アナリストによると、こうした経済不振の一因は2011年初め以降、市場を落ち着かせ、公的債務を抑制するために導入してきた緊縮策にある。もっとも市場は静まったが、債務は増え続けている。昨年の公的債務の対国内総生産(GDP)比率は127%と過去最悪になり、フィッチは今年末までに約130%に達すると予想している。

<指導者不在で自動操縦か>

モンティ氏が首相の職にあった間は、市場はイタリアが抱える問題を無視してきたが、先月の選挙でモンティ氏も退場してしまった。

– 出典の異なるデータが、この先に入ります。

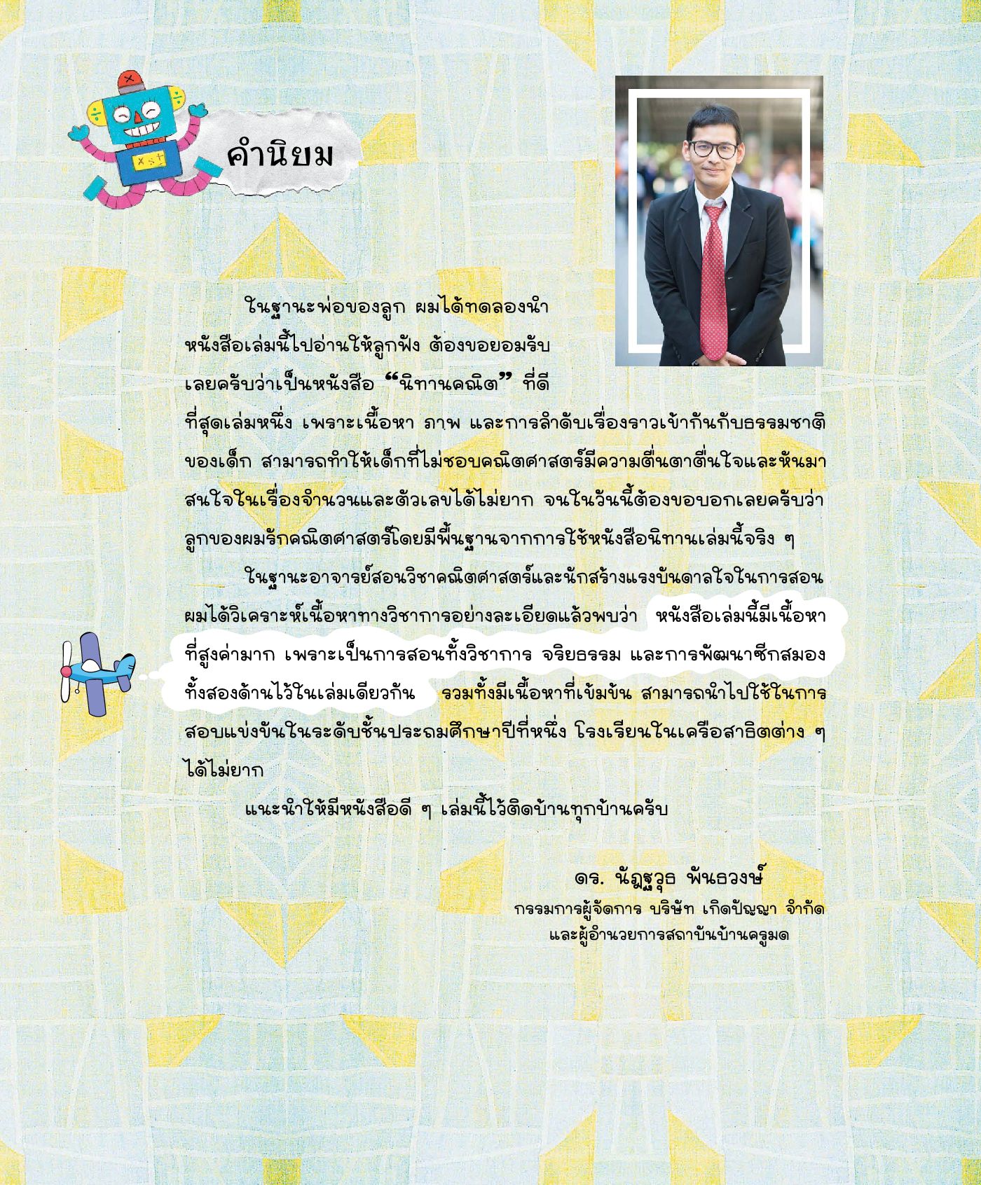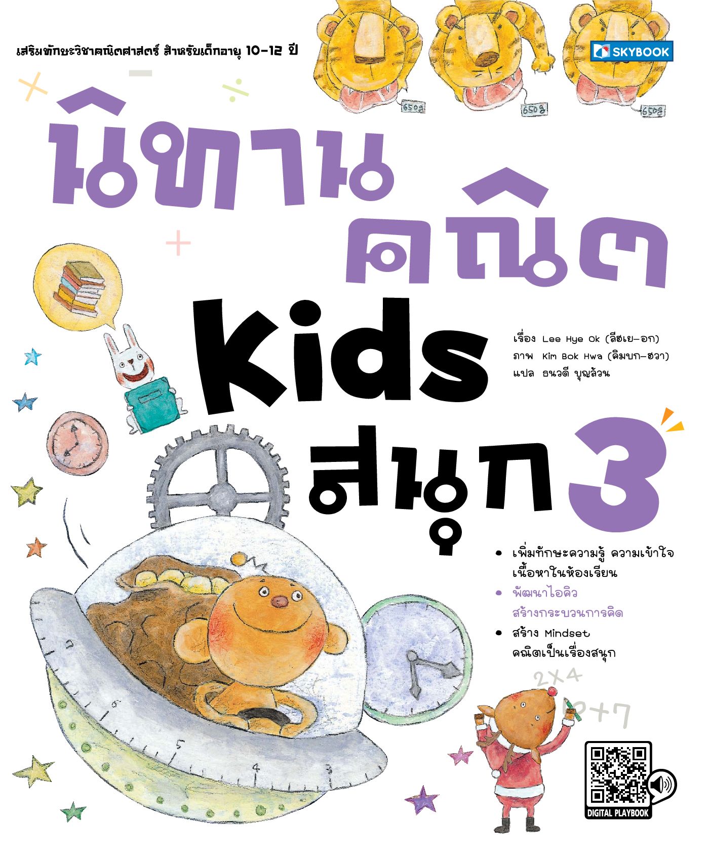 นิทานคณิต Kids สนุก จะช่วยเสริมสร้างความรู้ความเข้าใจเกี่ยวกับคณิตศาสตร์ เพื่อให้เด็ก ๆ ที่ไม่ชอบวิชาคณิตศาสตร์ได้ทำความคุ้นเคยกับการบวกการลบ การคูณและการหาร รูปร่าง รูปทรง การจำแนก เปรียบเทียบ สถิติและค่าเฉลี่ย ผ่านเรื่องเล่าแสนสนุกสอดแทรกความรู้ในวิชาคณิตศาสตร์ไว้อย่างแยบยล และช่วยพัฒนาความคิดสร้างสรรค์อย่างดีเยี่ยม

選挙結果は政治を不安定化させるための完璧なレシピを提供し、議会はベルサニ氏率いる中道左派、ベルルスコーニ氏率いる中道右派、グリッロ氏の「五つ星運動」という3つの勢力が並存する形となった。

連立政権が速やかに発足するかどうかは疑わしく、仮にそれが実現できたとしても、新政権の政策姿勢はモンティ氏が推進した市場に友好的な路線を追求しそうにはない。ただ市場は、ECBのバックストップの存在もあって、イタリアの新しい指導者が誰でもかまわないと考えている可能性もある。

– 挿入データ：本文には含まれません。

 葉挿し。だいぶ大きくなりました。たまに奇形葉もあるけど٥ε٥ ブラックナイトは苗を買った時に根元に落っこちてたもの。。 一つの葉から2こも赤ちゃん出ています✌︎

ECBのドラギ総裁は7日の会見で、イタリアがこれまでに打ち出した緊縮措置の大半は「自動操縦」で実施されるとの見方を示した。

みずほのバルビエリ氏は、イタリアの停滞は民主主義における通常の「ひとこま」で心配は無用だという趣旨のこの発言を「政治的な傑作」と評したが、それが信じられるかどうかはまた別の問題だと強調した。

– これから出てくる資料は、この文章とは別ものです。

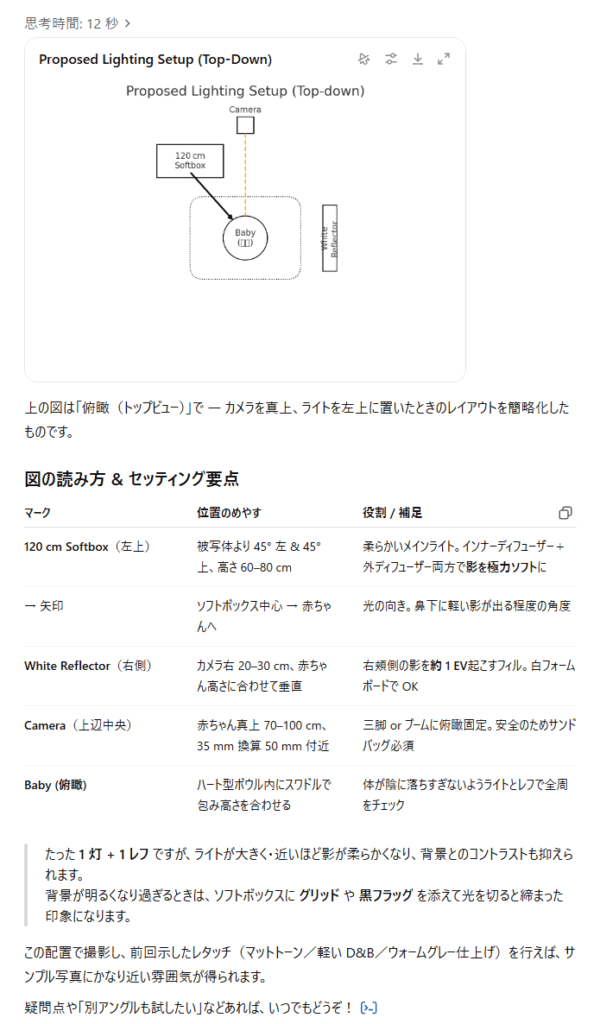 ChatGPT、写真1枚見せたらここまでライティングの構造を紹介してくれるのをやばすぎだろ。

一方、ドイツ銀のモエク氏はドラギ総裁の発言は「言い過ぎ」としつつ、恐らくは2013年の予算が承認済みなので、新政権が即座に減税や歳出拡大をやらない限り、今年の財政赤字はそれほど増えないという意味だろうと解釈している。

いずれにせよこれは今年の話にすぎず、イタリアの債務の持続性はどんなケースであれ、すべて経済成長にかかっていて、財政政策の調整とはほとんど関係しない、というのがエコノミストの一致した見解だ。

(Gavin Jones記者)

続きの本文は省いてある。